Is there any other timeout setting or anything I can try to increase or adjust to lessen this error at all? Anything to make it so that I don't have to re-run
archivebox updateagain and again and again every hour/few hours? I don't have anything else running on this VM and the only "UI usage" I've done on it is occasional checks to see if it's still running or not. Gonna to take a long time to get through this many links if not lol :)And as always - thank you for your hard work on this!! I and many others really appreciate it!
@mAAdhaTTah commented on GitHub (Apr 2, 2021):
@dohlin If you import the links one at a time, via the CLI, and keep the web server off during that time, you should only have the CLI process locking/using the db which should minimize/eliminate the problem.
Alternatively, if you still have the results from the early build, i would update incrementally. Meaning, instead of going straight to the current version, you install each incremental version, upgrade the content, then install the next version. This might be safer than tryna go all the way at once.

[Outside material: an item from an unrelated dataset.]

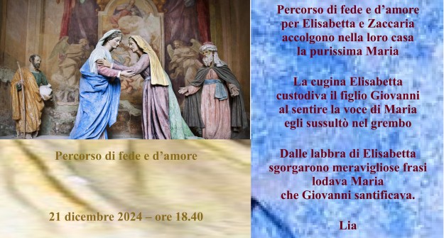 Percorso di fede e d’amore Pubblicato daliacardinale22 dicembre 2024Pubblicato in: Senza categoria Condividi: Condividi su X (Si apre in una nuova finestra) X Condividi su Facebook (Si apre in una nuova finestra) Facebook Mi piace Caricamento... Correlati

@dohlin commented on GitHub (Apr 2, 2021):
@mAAdhaTTah Ok good to know. The old build I was on was ollllddd and honestly I don't even know if I have backups still of that VM since I've rebuilt it since. At this point I'm better off just rolling with this from scratch for now...I've got 10 of 57 pages done so far LOL. Thanks!
@pirate commented on GitHub (Apr 2, 2021):
@dohlin I would also recommend the incremental upgrade, although you don't have to do it though every intermediate version. v0.4.x was specifically designed to handle importing really old archives, so if you go from the old version to v0.4.24, then from there to v0.5.6, it should work in only 2 steps. 2k links is well within the realm of what it can handle, it should only start getting sketchy above ~25k links (and v0.6 coming soon is tested to be stable up to 150k). v0.6 also has many fixes that improve performance overall, though it's not totally solved the db locking issue, it should be much better when that comes out.
Also as @mAAdhaTTah mentioned, make sure you have the webserver stopped and only use 1 CLI process to do the upgrade/import, there should be no concurrency / locking issues with only 1 process.